As a final piece of perspective, the S1000R is at least 85 kg lighter than the porky E-Roadster, but its gas engine creates 84 lbs.-ft. of torque. No wonder the electric bike blew it into the weeds. BMW’s biggest challenge should be to work on the launch control and traction control to make the machine rideable, since acceleration seems no longer an issue.

That’s the thing: motorcycles aren’t just about speed and power, but about rideability. The average person who jumps onto Valentino Rossi’s MotoGP Yamaha, or Eli Tomac’s Motocross Kawasaki, will have a miserable experience, thanks to twitchy engines built solely to be first across the line. BMW’s electric bike may be fast, but can it also be fun?

Costa treats the Harley Livewire like a real motorcycle, because it is.

Fortunately, it’s cars that are leading the way for the research and development of batteries and motors. Cars are made for idiot drivers who just want to get from A to B. Cars are mainstream, and cars are where the money is. Zero’s been building production bikes for a while now, but that’s its sole business and it’s tough to make a profit while getting the product right. Harley-Davidson has just introduced the very capable, and very costly, Livewire, but at least it has a couple of hundred thousand V-twins in production each year to help pay the considerable bills.

Meanwhile, the average motorcyclist pours scorn on electric motorcycles, myself included. They don’t sound right. Their range is too short. They’re far too expensive. All true – as Costa commented to a reader at the end of his E-Roadster story, “It’s good that manufacturers are developing electric bikes but it will be a long while before they become mainstream.”

But the cars are getting there, and they’re not going away. The world’s automakers have teamed up to invest billions in research, development and charging infrastructure, because governments have put them on notice that they’ll only tolerate the emissions from internal-combustion engines for another couple of decades or so. And some of those car companies make motorcycles (Honda and BMW), while others own or are in partnership with motorcycle makers (Volkswagen owns Ducati, for example, while Toyota and Yamaha work together on many projects).

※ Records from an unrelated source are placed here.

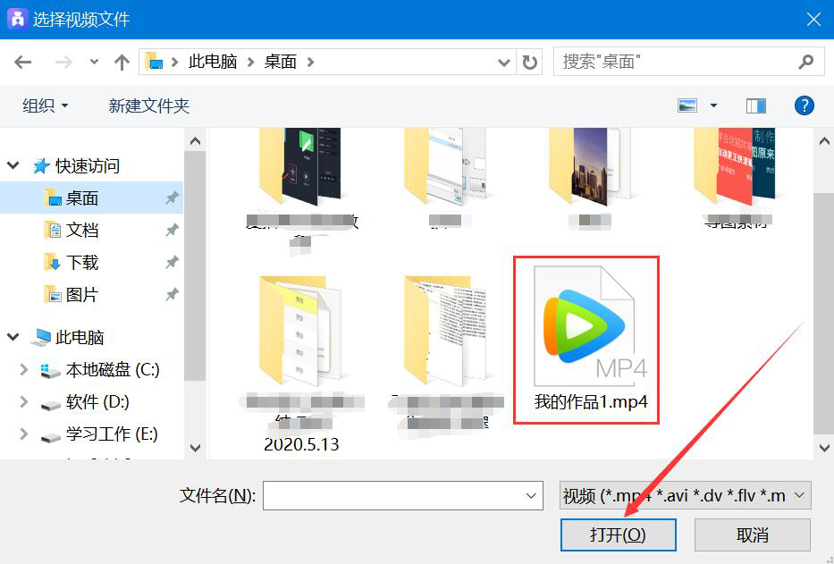 3、然后,从弹出的窗口中,将需要剪切的视频选中,点击“打开”按钮,将其导入爱拍。
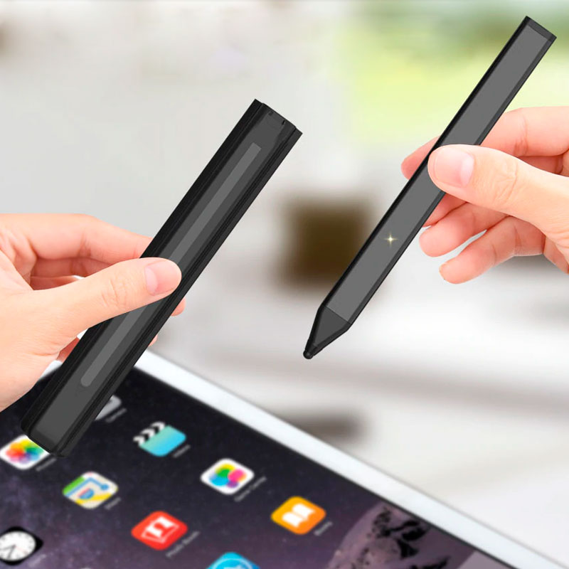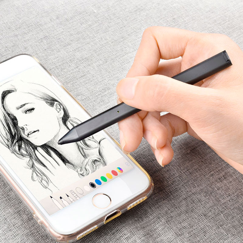 Стилус WiWU – активный. Для подачи электричества на наконечник нажмите кнопку питания и прикоснитесь к экрану. Толщина наконечника – всего 1.45 мм
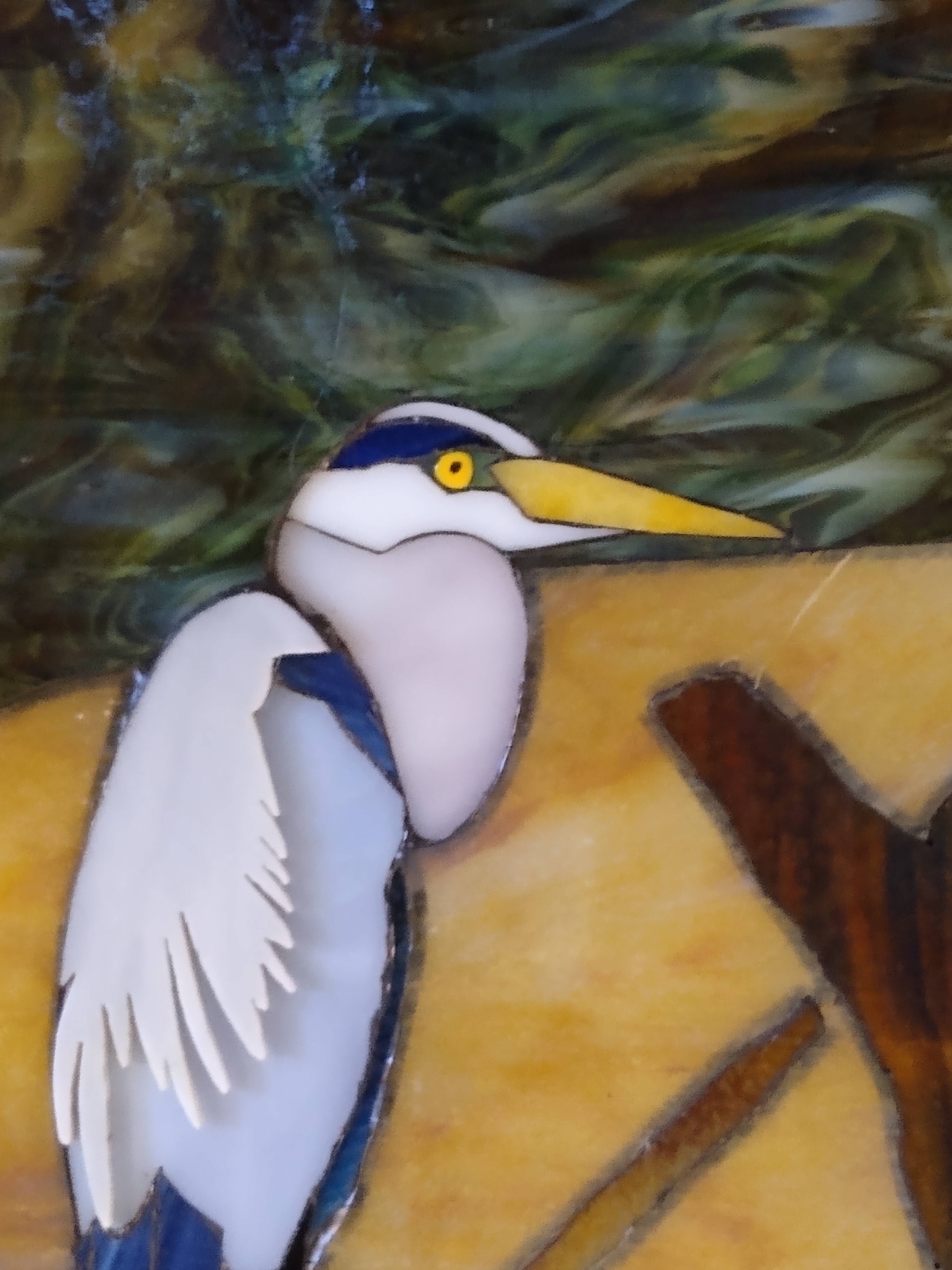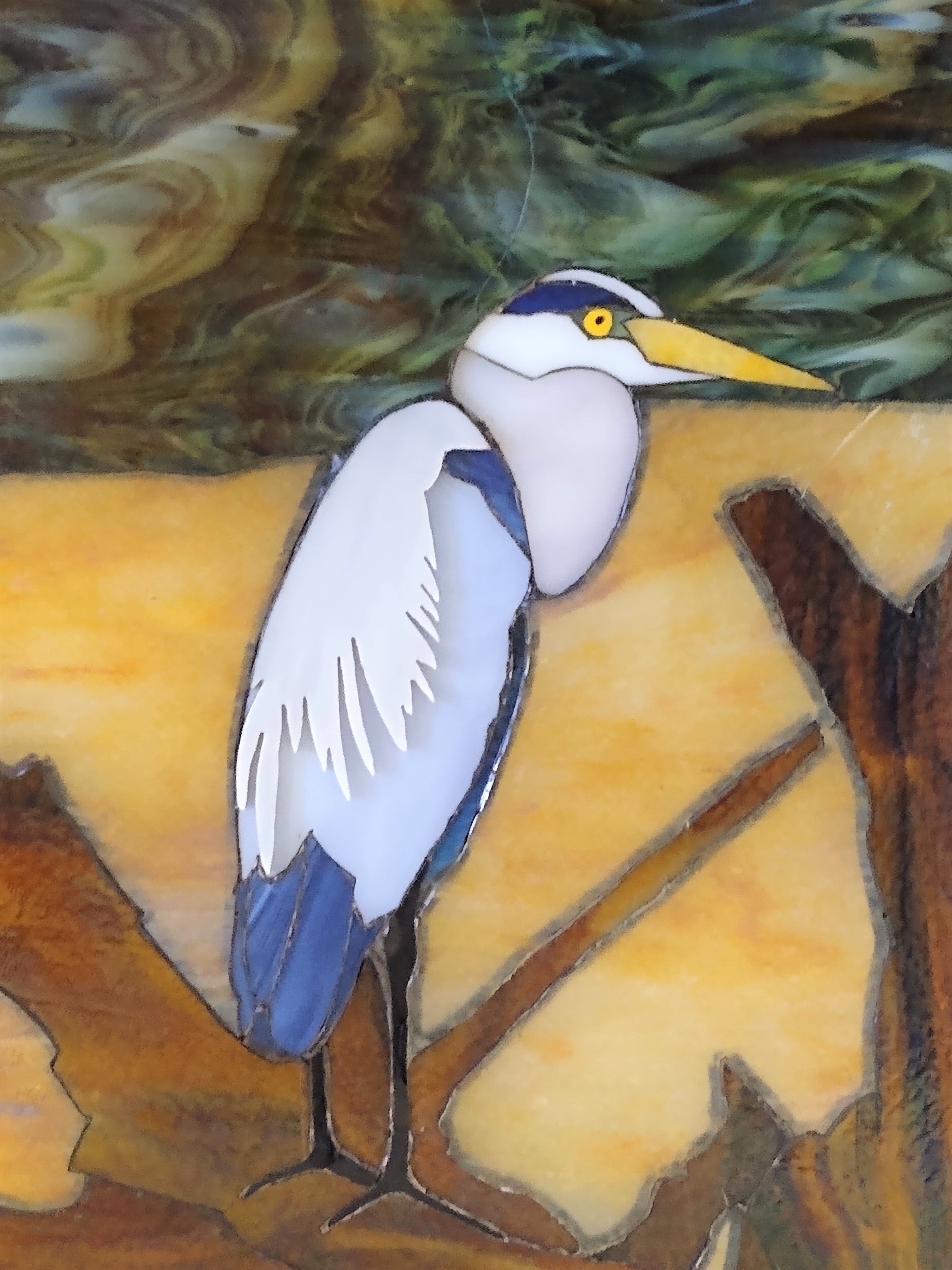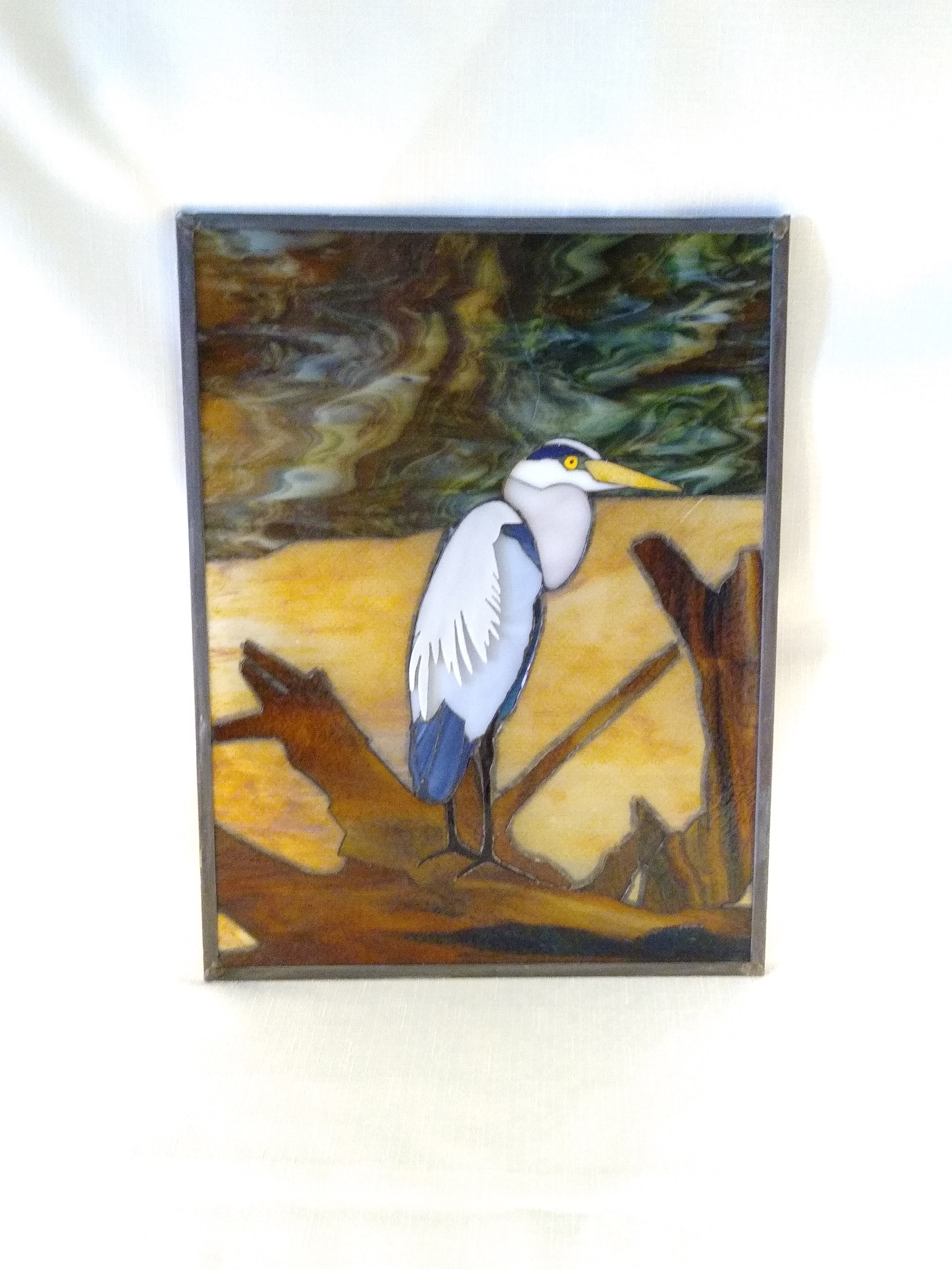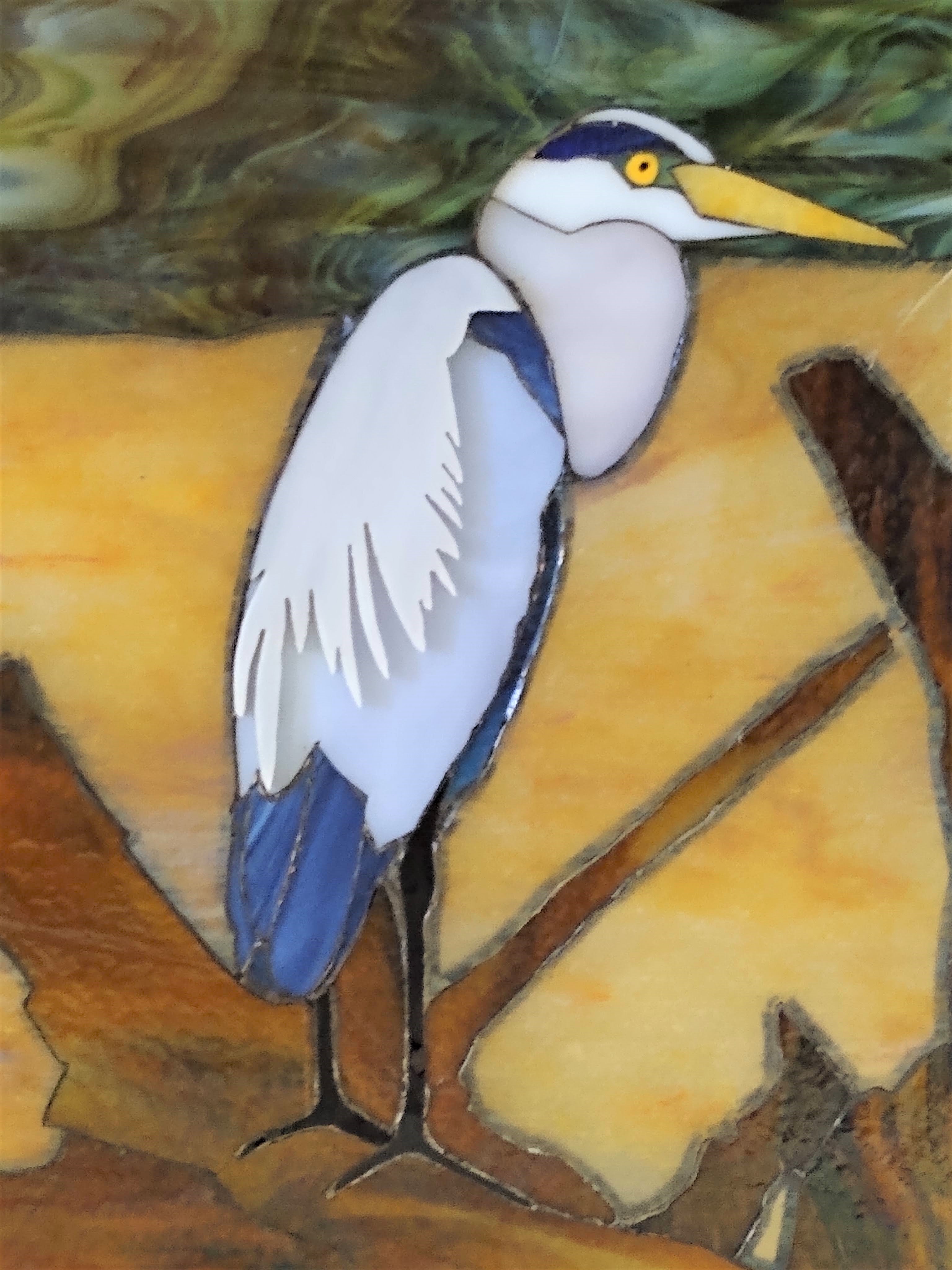 Blue Heron in Storm – $310. Stained Glass panel featuring a great blue heron on a wooded pond on a stormy night. The heron is multi-layered stained glass of blues, grey, white, yellow and black with a lacquered eye. The pond and stormy sky are opaque variegated/striated stained glass and the stumps and logs are shades of brown/black. The entire piece is patinaed in black and darkened antique brass and the zinc frame is black-stained. Measures 11” x 14 ½” high.
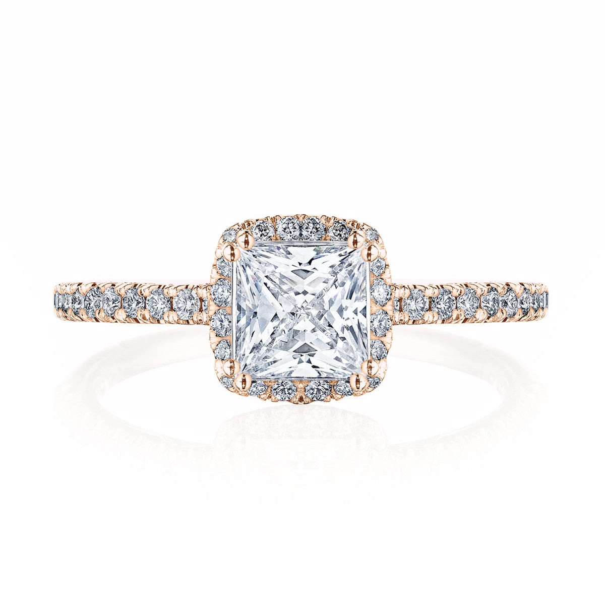 A thin, Simply Tacori Classic 360 foundation that delivers brilliant detail, crowned with a princess cut center and cushion shaped bloom. Truly Tacori and totally lovely.

So far, electric motorcycles have slipped under the radar. BMW and Honda are chipping away at them, but they’re not rushing because they don’t really need to – better to be a few years later to a smaller market and get it right straight out of the gate. Harley-Davidson pushed the envelope this year in its determination to be first to mass production, and next year, Ewan and Charley’s TV show will put the Livewire into the world’s spotlight by taking the Long Way Up.

Ewan McGregor prepares to start his long journey north in Ushuaia, Argentina, on a Harley-Davidson Livewire.

I once asked Peter Schwarzenbauer, the then-head of BMW Motorrad and now BMW’s head of “Transformation Electro Mobility,” what it will take to make electric vehicles mainstream. It will happen when your neighbour buys one, he said. You’ll see it in the driveway or on the road alongside your own, and you’ll realize it’s been accepted. You’ll also realize that if you replace your gas-powered car with another, then you may not be able to sell it easily in five or eight years’ time.

Motorcycles will hold out longer because they’re more emotional vehicles, but don’t expect London or Paris to keep giving free access into the city cores to their polluting gas engines. When that happens, maybe five years from now, the big manufacturers will step up to the gate with the electric bikes that have been a decade or more in development. And when they do leave the line, they’ll leave you light-headed.

10 COMMENTS

  1. There is no time in the immediately foreseeable future where battery powered bikes will have a range at real road speeds anything like a decent ICE. And unless they get much more sophisticated batteries (with liquid cooling and active temperature management), and chargers get a lot better, you’re still looking at an hour minimum for a recharge.

    Yes, they’re feasible (if expensive) now for a limited range of use cases, but not for how me, or most riders I know, actually use our bikes. Especially since my (and their) riding is often done away from the cities where you’d be likely to find chargers. Which still take too long. My idea of an afternoon ride on Sunday doesn’t involve riding for an hour and a half and then stopping for an hour (or two) to recharge before continuing. Sure, I could plan a ride around it, but why would I want to ride a bike that makes me conform to its limitations?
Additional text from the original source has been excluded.